Connect with me on Open Science Framework | Contact me via LinkedIn
R analysis script for analyzing Alpha (distribution of attribute level-wise means of the participants’ utilities) across successive iteration steps. Estimation uses the PlayStation 4 bundle example (see Chapter 4 in lecture). Estimation was done in Sawtooth Software Lighthouse Studio v.9.8
Beware: R is a context-sensitive language. Thus, ‘data’ will be interpreted not in the same way as ‘Data’ will.
In R most functionality is provided by additional packages.
Most of the packages are well documented, See: https://cran.r-project.org/
The code chunk below first evaluates if the package pacman is already installed to your machine. If yes, the corresponding package will be loaded. If not, R will install the package.
Alternatively, you can do this manually first by executing install.packages(“pacman”) and then library(pacman).
The second line then loads the package pacman
The third line uses the function p_load() from the pacman package to install (if necessary) and load all packages that we provide as arguments. We can see which arguments a function understands by pressing ‘F1’ while setting the cursor into the function’s name.
if(!"pacman" %in% rownames(installed.packages())) install.packages("pacman")
library(pacman)
pacman::p_load(tidyverse, haven, labelled, knitr, bayestestR, bayesplot)
In case you are not able to load a package, try to first install it via for example ‘install.packages(foreign)’ whereby foreign is the name of the package.

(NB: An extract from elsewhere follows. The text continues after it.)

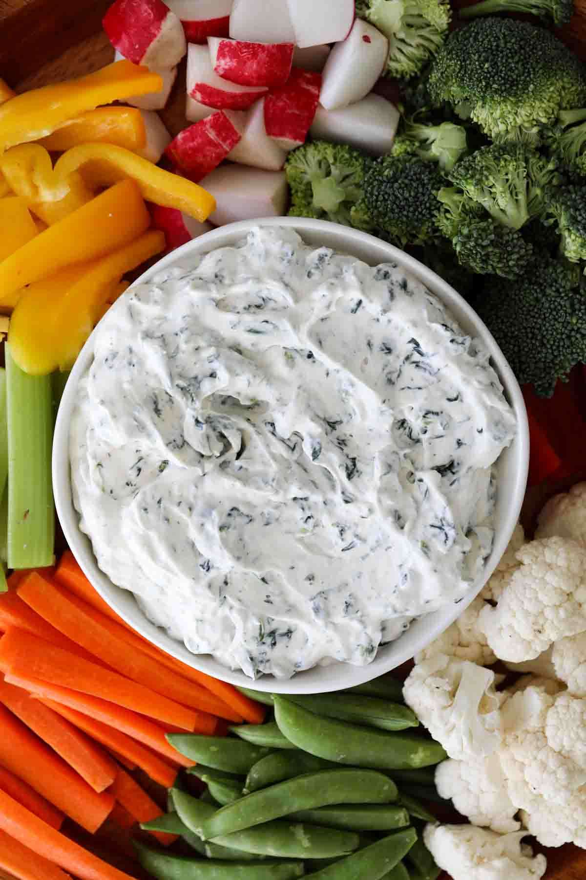 An easy party dip, this Spinach Dip Recipe only takes a few minutes to assemble and is always a crowd pleaser. Best served with fresh vegetables, tortilla chips or slices of baguette.

Here is the r session info:
sessionInfo()
## R version 4.0.2 (2020-06-22)
## Platform: x86_64-w64-mingw32/x64 (64-bit)
## Running under: Windows 10 x64 (build 19041)
##
## Matrix products: default
##
## locale:
## [1] LC_COLLATE=German_Germany.1252 LC_CTYPE=German_Germany.1252
## [3] LC_MONETARY=German_Germany.1252 LC_NUMERIC=C
## [5] LC_TIME=German_Germany.1252
##
## attached base packages:
## [1] stats graphics grDevices utils datasets methods base
##
## other attached packages:
## [1] bayesplot_1.7.2 bayestestR_0.7.2 knitr_1.29 labelled_2.5.0
## [5] haven_2.3.1 forcats_0.5.0 stringr_1.4.0 dplyr_1.0.1
## [9] purrr_0.3.4 readr_1.3.1 tidyr_1.1.2 tibble_3.0.3
## [13] ggplot2_3.3.2 tidyverse_1.3.0 pacman_0.5.1
##
## loaded via a namespace (and not attached):
## [1] tidyselect_1.1.0 xfun_0.16 colorspace_1.4-1 vctrs_0.3.2
## [5] generics_0.0.2 htmltools_0.5.0 yaml_2.2.1 blob_1.2.1
## [9] rlang_0.4.7 pillar_1.4.6 glue_1.4.1 withr_2.2.0
## [13] DBI_1.1.0 dbplyr_1.4.4 modelr_0.1.8 readxl_1.3.1
## [17] plyr_1.8.6 lifecycle_0.2.0 munsell_0.5.0 gtable_0.3.0
## [21] cellranger_1.1.0 rvest_0.3.6 evaluate_0.14 fansi_0.4.1
## [25] broom_0.7.0.9001 Rcpp_1.0.5 scales_1.1.1 backports_1.1.8
## [29] jsonlite_1.7.1 fs_1.5.0 hms_0.5.3 digest_0.6.25
## [33] stringi_1.4.6 insight_0.9.0 grid_4.0.2 cli_2.0.2
## [37] tools_4.0.2 magrittr_1.5 crayon_1.3.4 pkgconfig_2.0.3
## [41] ellipsis_0.3.1 xml2_1.3.2 ggridges_0.5.2 reprex_0.3.0
## [45] lubridate_1.7.9 assertthat_0.2.1 rmarkdown_2.3 httr_1.4.2
## [49] rstudioapi_0.11 R6_2.4.1 compiler_4.0.2
Make sure that the file ‘Playstation4_hb_alpha.csv’ (see E-Learning platform) is located at your RStudio project’s directory.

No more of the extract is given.